1. Iterative repetition of MapReduce jobs until a desired answer or state is reached. 2. Sequences of MapReduce and Pig jobs. These are limited to linear sequences of actions with exception handlers but no forks. 3. Sequences of MapReduce jobs only; no Pig or Hive tasks or jobs. These MapReduce sequences can be combined with forks and path joins. 4. Sequences of MapReduce and Pig. These sequences can be combined with other actions including forks, decision points, and path joins.

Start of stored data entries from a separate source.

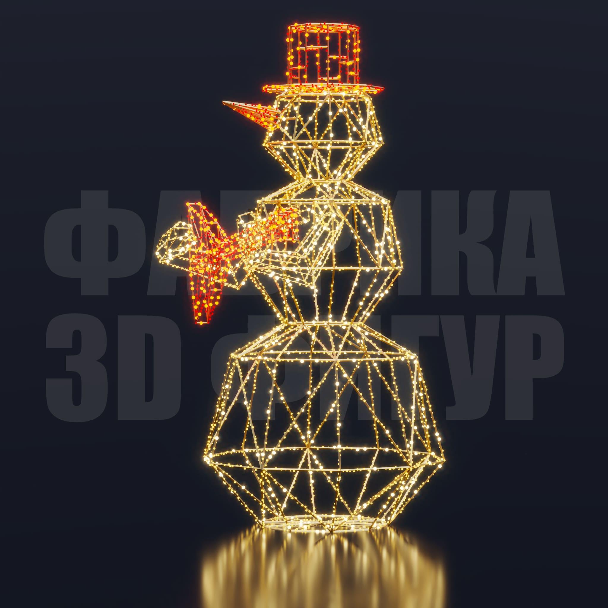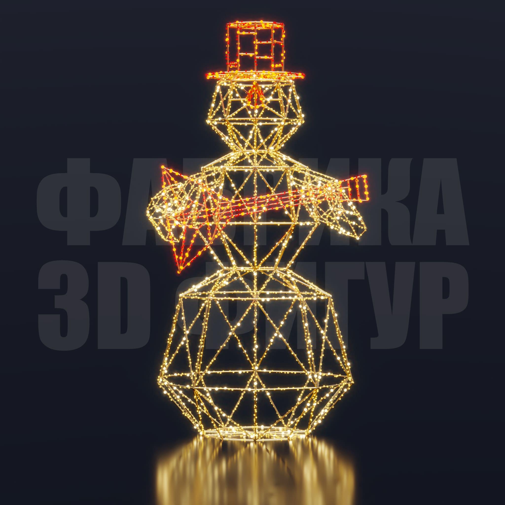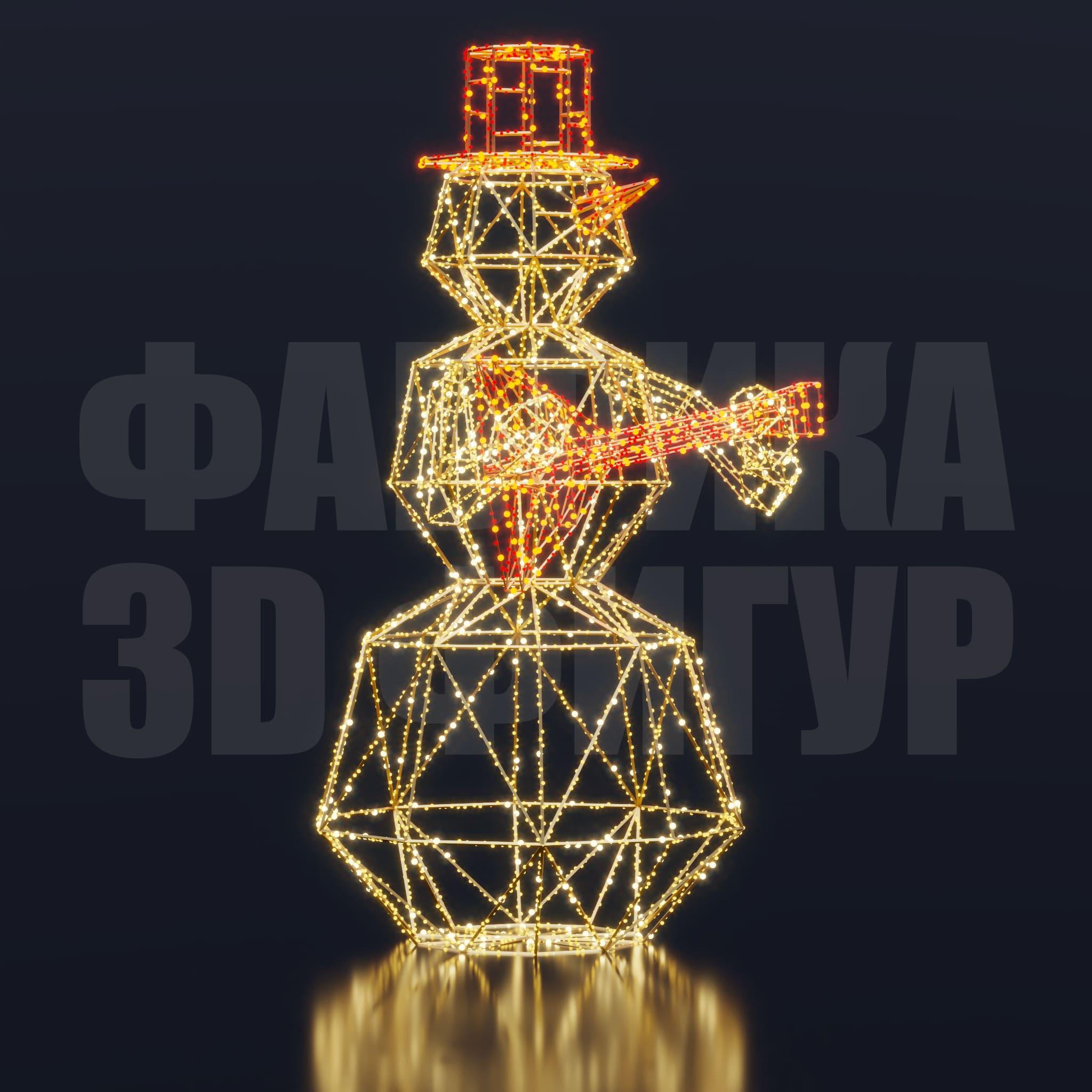 Композиция объединяет атмосферу русского культурного колорита и актуальный дизайн световых арт-объектов. Фигура гармонично вписывается в городское праздничное оформление, наполняя пространство теплом, динамикой и ощущением живого новогоднего настроения. «Снеговик с балалайкой» становится привлекательной визуальной точкой для фотозон и запоминающимся элементом зимних декораций в парках, скверах и общественных пространствах.
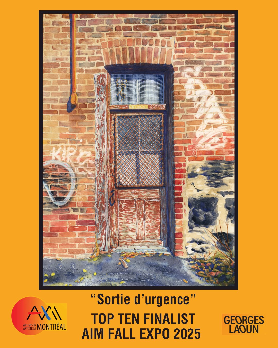 “Sortie d’urgence” received a Top Ten Finalist Award at the Artists in Montreal Fall Expo 2025. The Exhibition was at Opticien Georges Laoun on rue St-Denis.
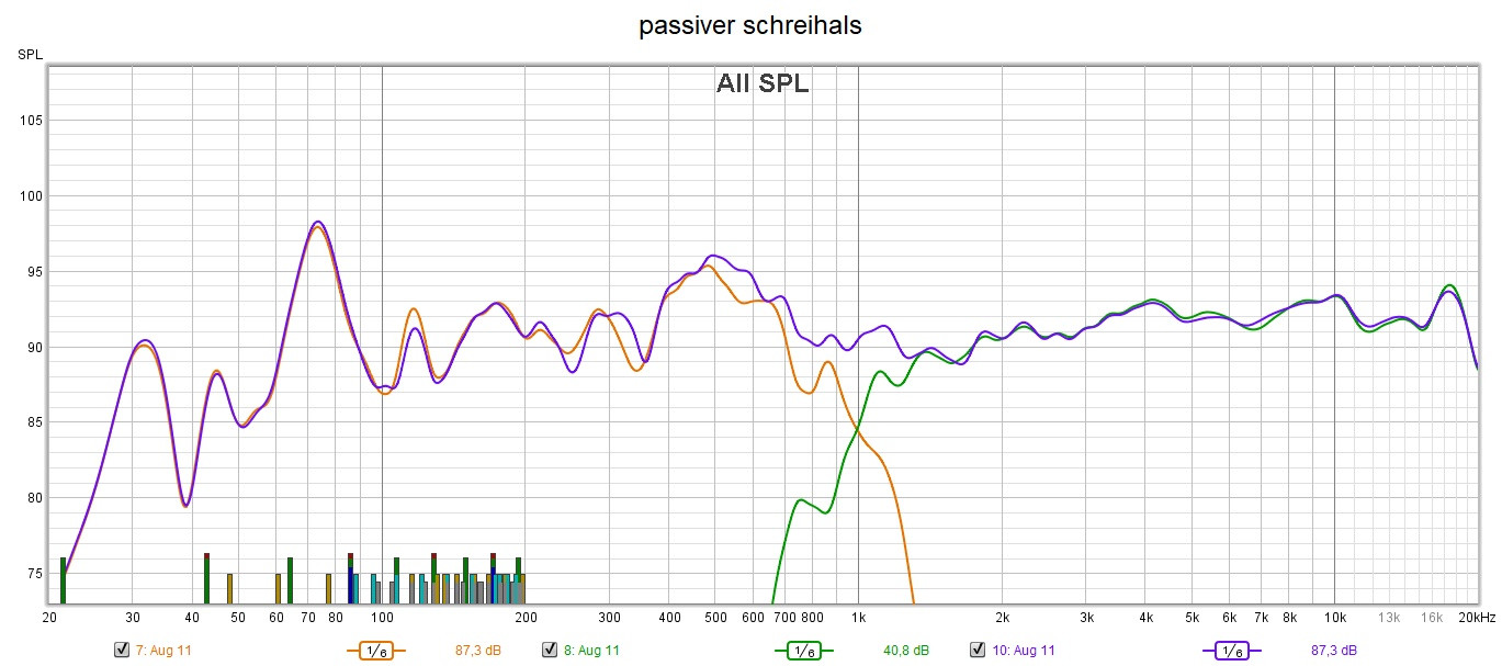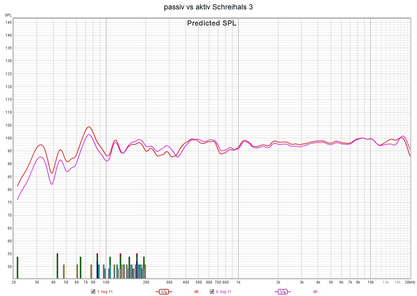 ja, habe ich gerade eben gemacht, es läuft aktuell nur die passive Weiche ohne jeglichem DSP ... Mittenfrequenz bei 4 kHz beim AMT bedeutet 6.8 Ohm und 4,7µF und 0,33mH(klein). dann sieht es im Vergleich aktiv zu passiv so aus: passiv ist die, die im Bass etwas weniger bringt.
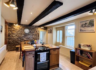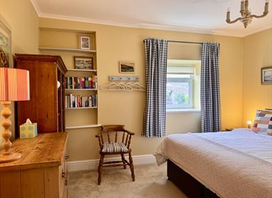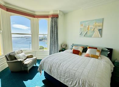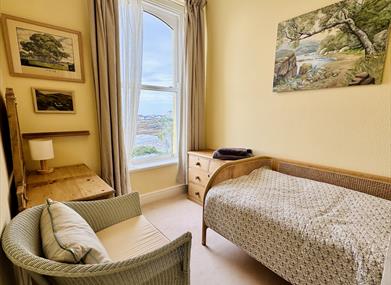 There is a fully-equipped kitchen with ceramic hob, convection oven and microwave; a dish-washer, under counter fridge with ice box. In the utility a Belfast sink plus washing machine and tumble-dryer, ironing facilities and a larder fridge - and beyond a small WC. The separate dining room provides seating for at least eight, with heavy French oak table and chairs as well as bench seating. The sitting room is spacious with a large sofa and sofa-bed if required. There is a circular oak table with chairs in the wide bay window, a place to have a cuppa and enjoy the spectacular views across the beautiful harbour and out to sea.
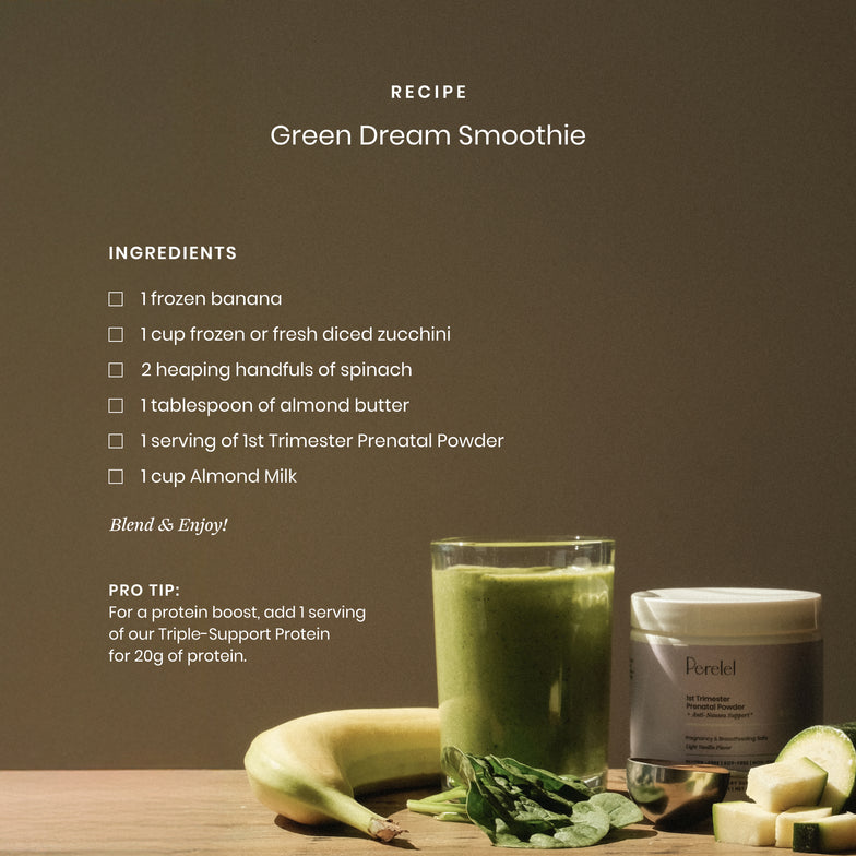 Made for those 1st trimester days when swallowing pills seems impossible. With a subtle hint of vanilla, our prenatal smoothie mix was designed to blend perfectly into a smoothie or milk of choice, cover your nutritional baseline needs and support baby's early development. Please note: This blend is not designed to fully replace a prenatal vitamin as it does not contain iron–but can be used as-need for those especially difficult days.

A decision control node allows Oozie to determine the workflow execution path based on some criteria Similar to a switch case statement fork and join control nodes split one execution path into multiple execution paths which run concurrently fork splits the execution path join waits for all concurrent execution paths to complete before proceeding fork and join are used in pairs
Question :
You have an employee who is a Date Analyst and is very comfortable with SQL. He would like to run ad-hoc analysis on data in your HDFS duster. Which of the following is a data warehousing software built on top of Apache Hadoop that defines a simple SQL-like query language well-suited for this kind of user? A. Pig B. Hue C. Hive D. Sqoop E. Oozie
Hive is an abstraction on top of MapReduce Allows users to query data in the Hadoop cluster without knowing Java or MapReduce - Uses the HiveQL language - Very similar to SQL - The Hive Interpreter runs on a client machine - Turns HiveQL queries into MapReduce jobs - Hive Submits jobs to the cluster Note: this does not turn the cluster into a relational database server! It is still simply running MapReduce jobs Those jobs are created by the Hive Interpreter
Refer HadoopExam.com Recorded Training Module : 12 and 13
Question :
You need to import a portion of a relational database every day as files to HDFS, and generate Java classes to Interact with your imported data. Which of the following tools should you use to accomplish this? A. Pig B. Hue C. Hive D. Flume E. Sqoop F. Oozie G. fuse-dfs
Hive is an abstraction on top of MapReduce Allows users to query data in the Hadoop cluster without knowing Java or MapReduce - Uses the HiveQL language - Very similar to SQL - The Hive Interpreter runs on a client machine - Turns HiveQL queries into MapReduce jobs - Hive Submits jobs to the cluster Note: this does not turn the cluster into a relational database server! It is still simply running MapReduce jobs Those jobs are created by the Hive Interpreter
Sqoop provides a method to import data from tables in a relational database into HDFS - Does this very efficiently via a Map only MapReduce job - Can also go the other way - Populate database tables from files in HDFS
Refer HadoopExam.com Recorded Training Module : 12 and 13 and 19
1. Number of reducer is defined as part of Job Configuration 2. All values of the same key can be processed by multiple reducer. 3. Access Mostly Uused Products by 50000+ Subscribers 4. 1,2 and 3 are correct 5. 1 and 3 are correct
1. Pig provides additional capabilities that allow certain types of data manipulation not possible with MapReduce. 2. Pig provides no additional capabilities to MapReduce. Pig programs are executed as MapReduce jobs via the Pig interpreter. 3. Access Mostly Uused Products by 50000+ Subscribers 4. Pig provides the additional capability of allowing you to control the flow of multiple MapReduce jobs.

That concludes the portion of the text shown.